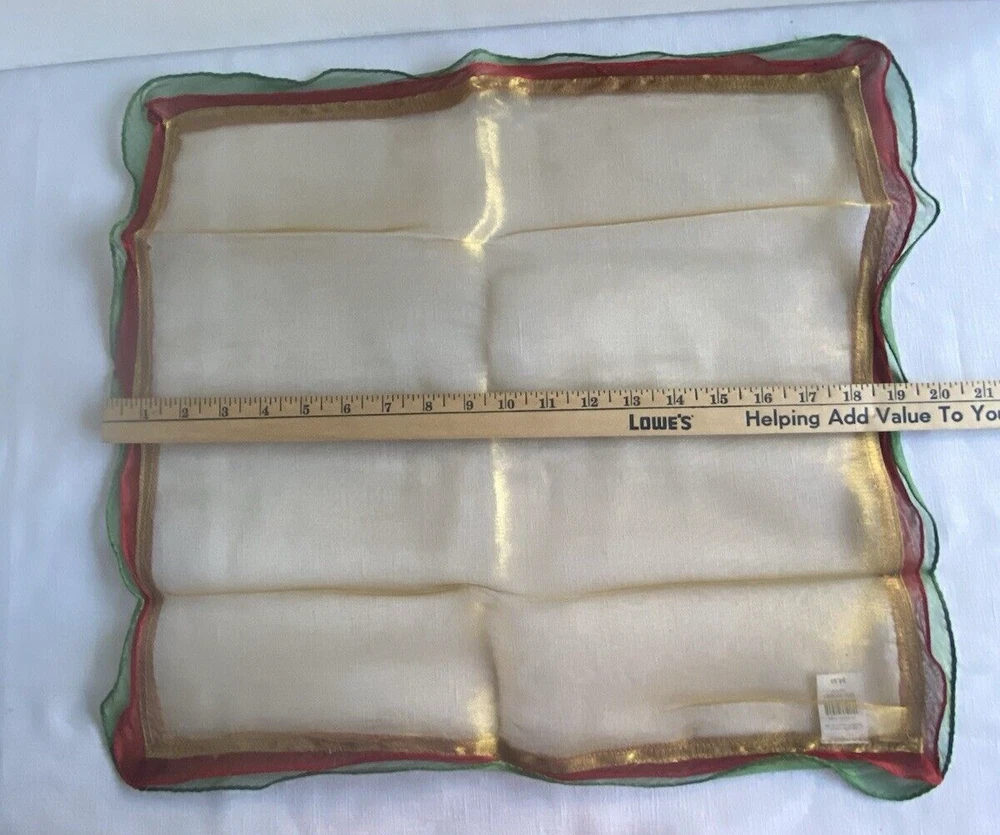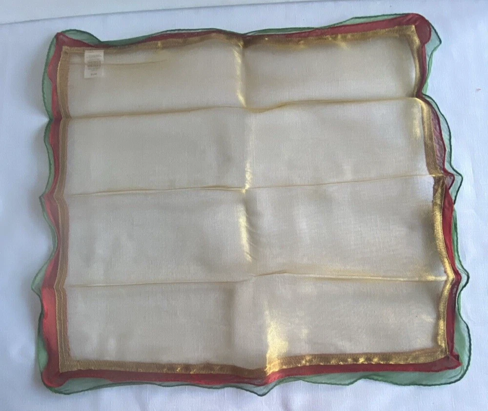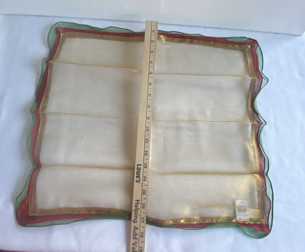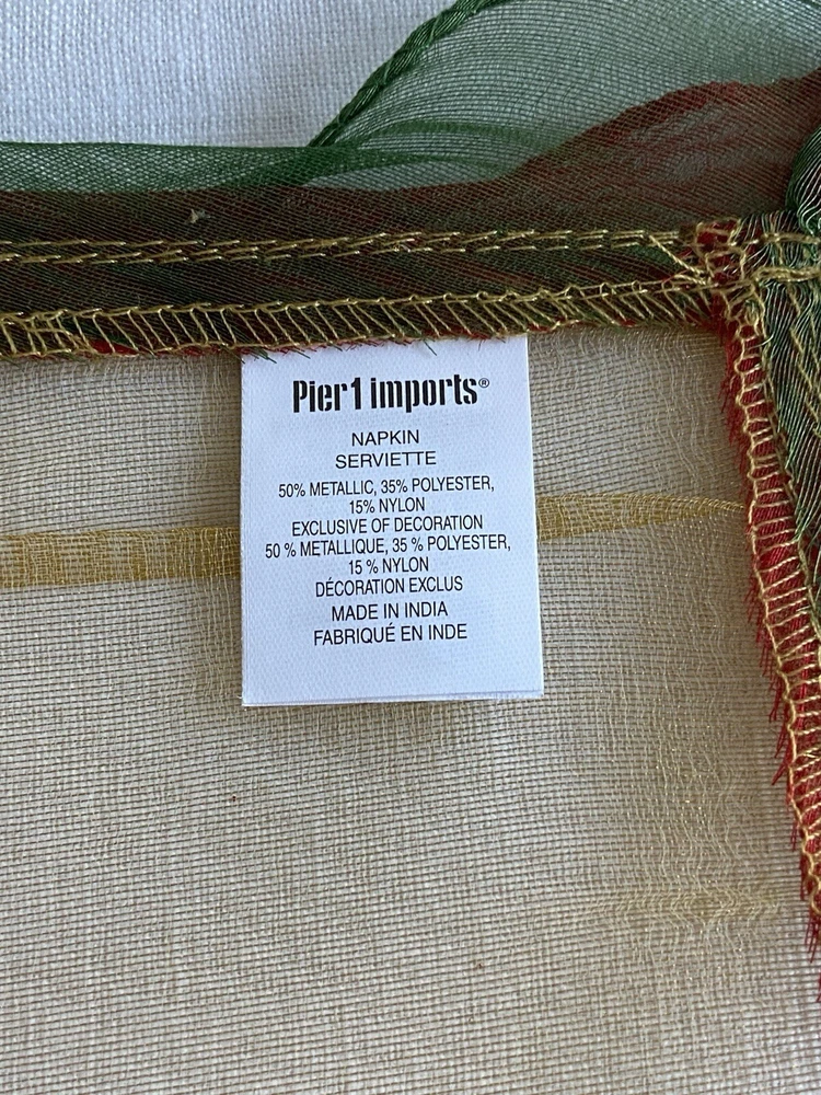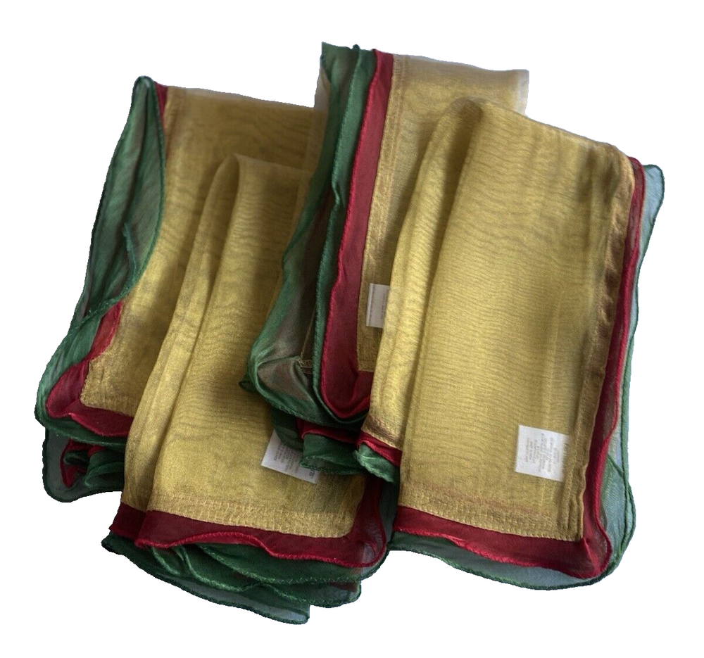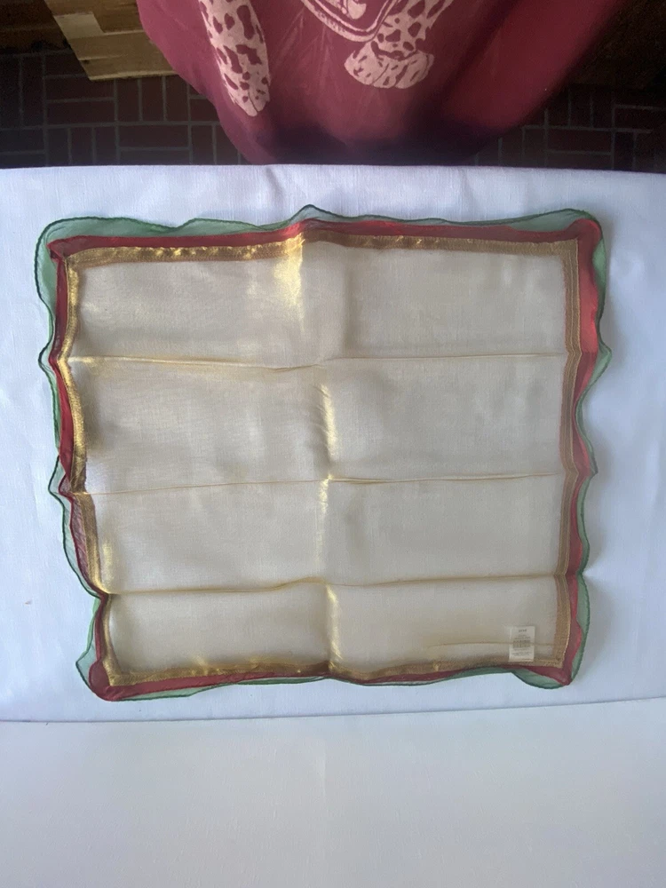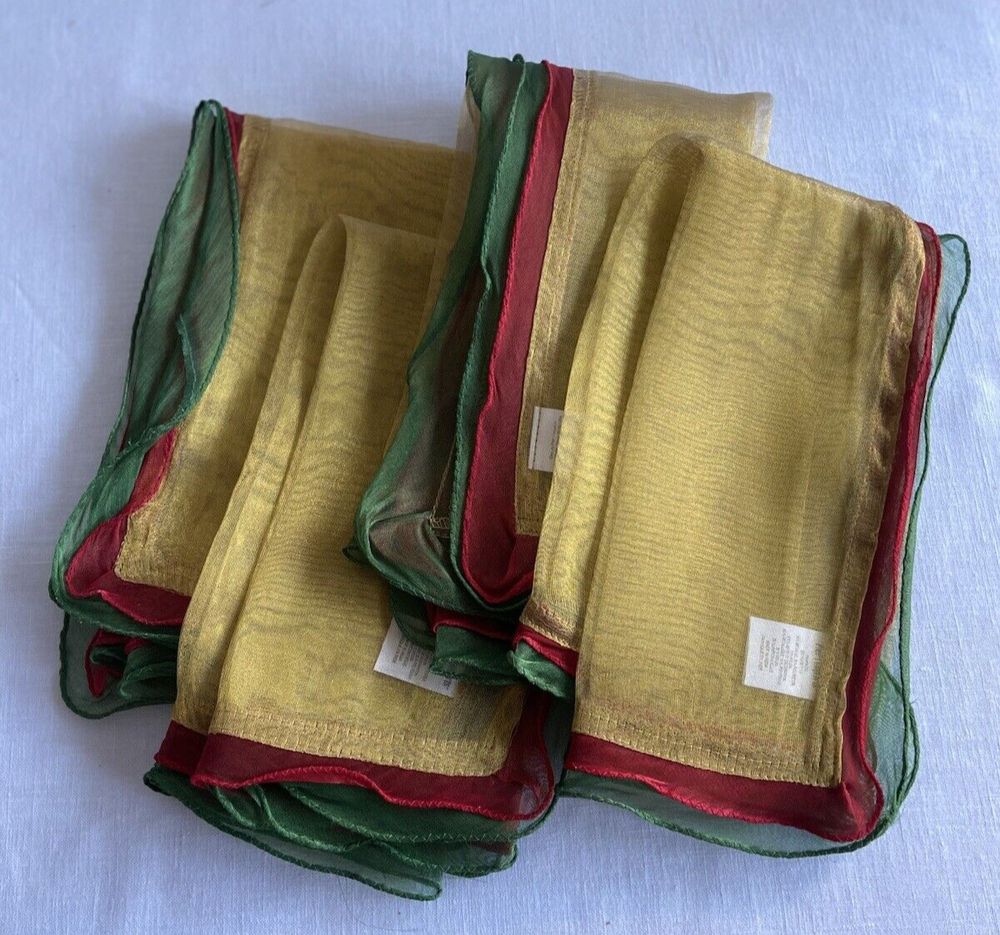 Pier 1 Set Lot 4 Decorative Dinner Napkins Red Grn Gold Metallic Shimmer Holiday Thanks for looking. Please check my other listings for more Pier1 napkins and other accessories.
************
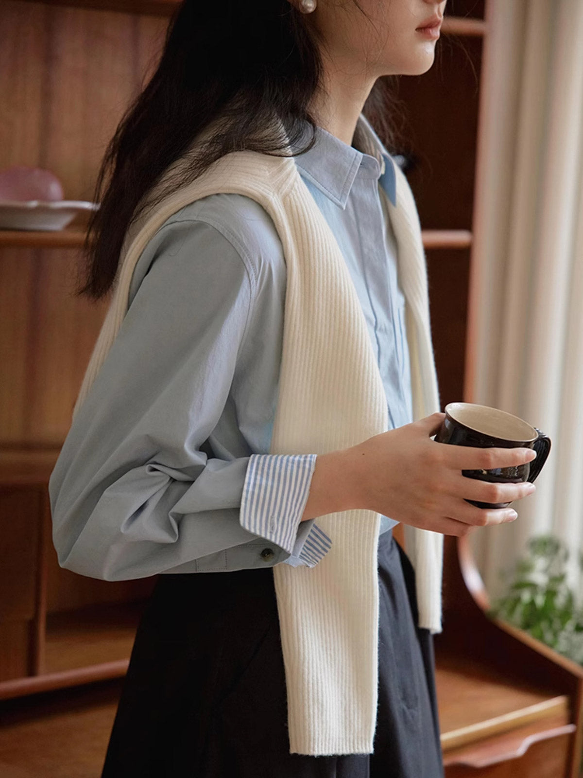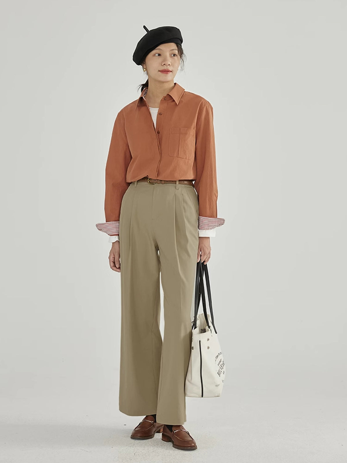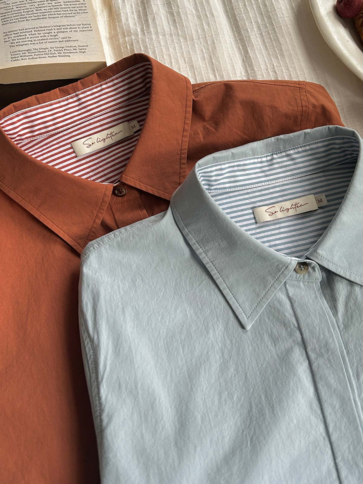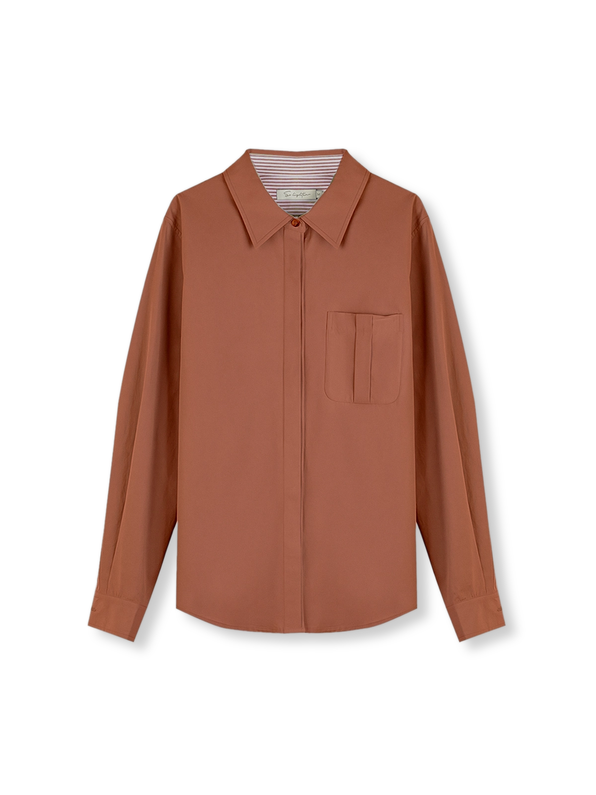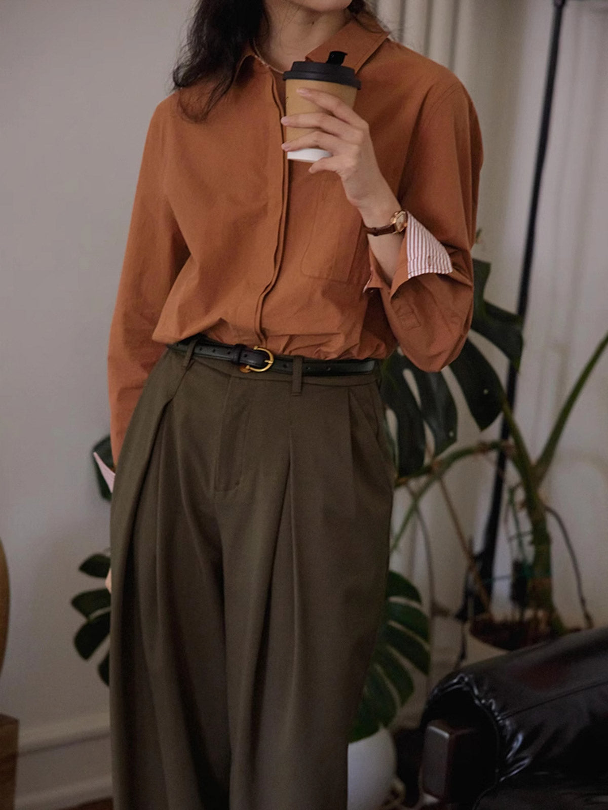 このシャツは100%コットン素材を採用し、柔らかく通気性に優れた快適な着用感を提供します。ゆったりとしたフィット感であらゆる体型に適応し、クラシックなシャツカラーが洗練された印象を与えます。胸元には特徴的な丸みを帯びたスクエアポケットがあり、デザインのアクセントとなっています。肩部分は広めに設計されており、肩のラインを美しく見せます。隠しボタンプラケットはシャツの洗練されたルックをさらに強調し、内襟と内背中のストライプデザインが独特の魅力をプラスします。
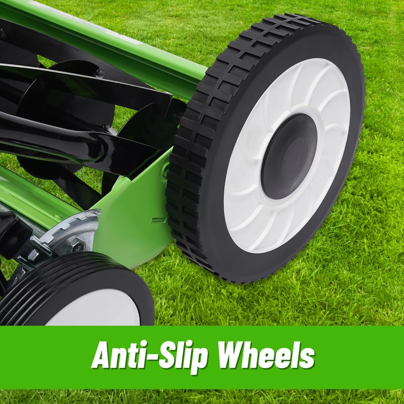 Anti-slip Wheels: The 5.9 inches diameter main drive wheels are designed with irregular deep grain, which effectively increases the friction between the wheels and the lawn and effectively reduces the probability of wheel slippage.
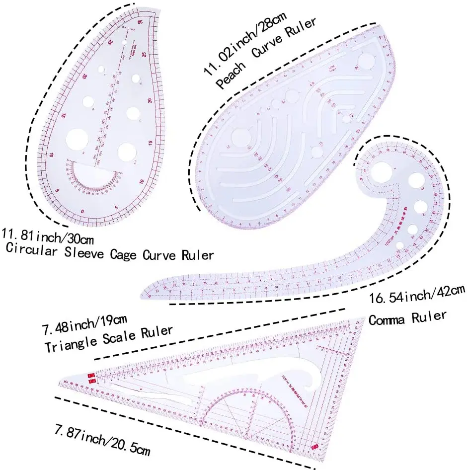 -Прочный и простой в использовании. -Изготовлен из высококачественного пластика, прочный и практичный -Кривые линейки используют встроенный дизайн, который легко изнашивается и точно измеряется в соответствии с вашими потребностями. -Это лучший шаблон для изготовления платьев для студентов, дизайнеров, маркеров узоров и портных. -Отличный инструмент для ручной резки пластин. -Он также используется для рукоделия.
************
Would you output only the span of the records above that opens with the line containing "このシャツは100%コットン" and closes with the line containing "-Прочный и простой", ends included and pictures dropped?

Task solution:
 このシャツは100%コットン素材を採用し、柔らかく通気性に優れた快適な着用感を提供します。ゆったりとしたフィット感であらゆる体型に適応し、クラシックなシャツカラーが洗練された印象を与えます。胸元には特徴的な丸みを帯びたスクエアポケットがあり、デザインのアクセントとなっています。肩部分は広めに設計されており、肩のラインを美しく見せます。隠しボタンプラケットはシャツの洗練されたルックをさらに強調し、内襟と内背中のストライプデザインが独特の魅力をプラスします。
 Anti-slip Wheels: The 5.9 inches diameter main drive wheels are designed with irregular deep grain, which effectively increases the friction between the wheels and the lawn and effectively reduces the probability of wheel slippage.
 -Прочный и простой в использовании. -Изготовлен из высококачественного пластика, прочный и практичный -Кривые линейки используют встроенный дизайн, который легко изнашивается и точно измеряется в соответствии с вашими потребностями. -Это лучший шаблон для изготовления платьев для студентов, дизайнеров, маркеров узоров и портных. -Отличный инструмент для ручной резки пластин. -Он также используется для рукоделия.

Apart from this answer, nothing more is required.